CheapAir.com is an American online travel agency, established in 1989 by Jeff Klee. Based in Agoura Hills, California, with an additional office in Chicago, CheapAir is a privately owned company under the parent company AmTrav. According to Travel Weekly, CheapAir.com, under the parent company AmTrav, is ranked #38 on the 2022 Power List of Travel Agencies in the United States.

==History==
Founded in 1989 by CEO, Jeff Klee, out of his University of Michigan dorm room, CheapAir.com was originally known as 1-800-Cheap-Air prior to the website launch in 2000. In 1993 Craig Fichtelberg became a co-founder and president and began the nationwide expansion from California to Chicago to NYC.

In 2011, CheapAir.com announced Price Drop Payback, a program that guarantees to reimburse any price difference before a flight.

In 2012, after airlines began adding ancillary revenue, CheapAir.com added amenities like WiFi, movies, Live TV, and power ports, to its online shopping display.

In September 2012, CheapAir.com launched “Easy Search”, which lets users enter natural language to search for travel deals, becoming one of the first travel websites to offer semantic search.

In March 2013, CheapAir.com created the first voice-activated flight search app for iOS devices. The app won a Travel Weekly award and was named one of the best apps and websites for travelers.

In November 2013, CheapAir.com became the first travel agency worldwide to accept bitcoin as an alternate form of payment for flights. In February 2014, CheapAir became the first travel agency worldwide to accept bitcoin as an alternate form of payment for hotels. They stopped accepting cryptocurrency for payment in 2024.

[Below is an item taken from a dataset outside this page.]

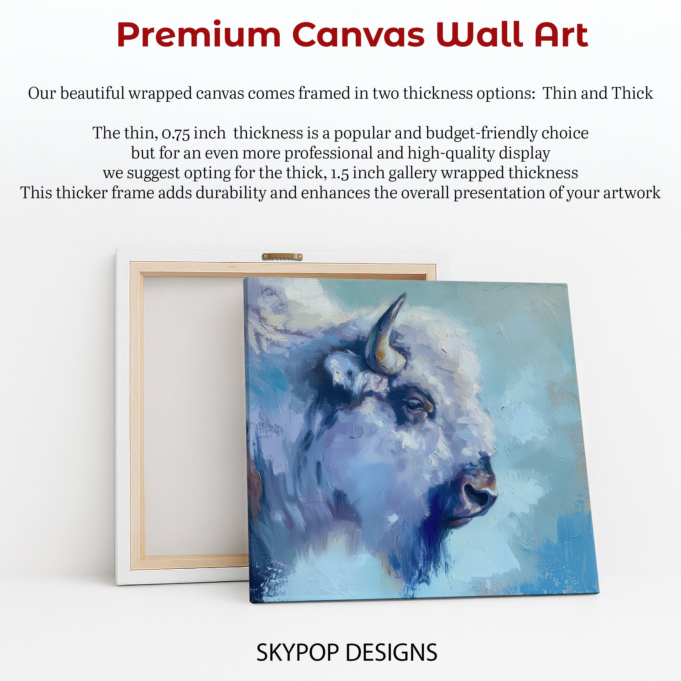 Bison Art, Canvas or Poster, Modern Rustic Nature Decor, Living Room Bedroom Entryway Office Wall Art, Blue White Grey Multicolor

In February 2015, CheapAir.com became the first U.S. travel agency to book direct flights from the U.S. to Cuba.

In July 2016, CheapAir.com was the first travel agency to launch a monthly payment option with Affirm allowing travelers to "Travel Now & Pay Later" for flights and hotels worldwide.

In October 2022, CheapAir.com goes green with a new sustainable flight feature called “Green Choice.”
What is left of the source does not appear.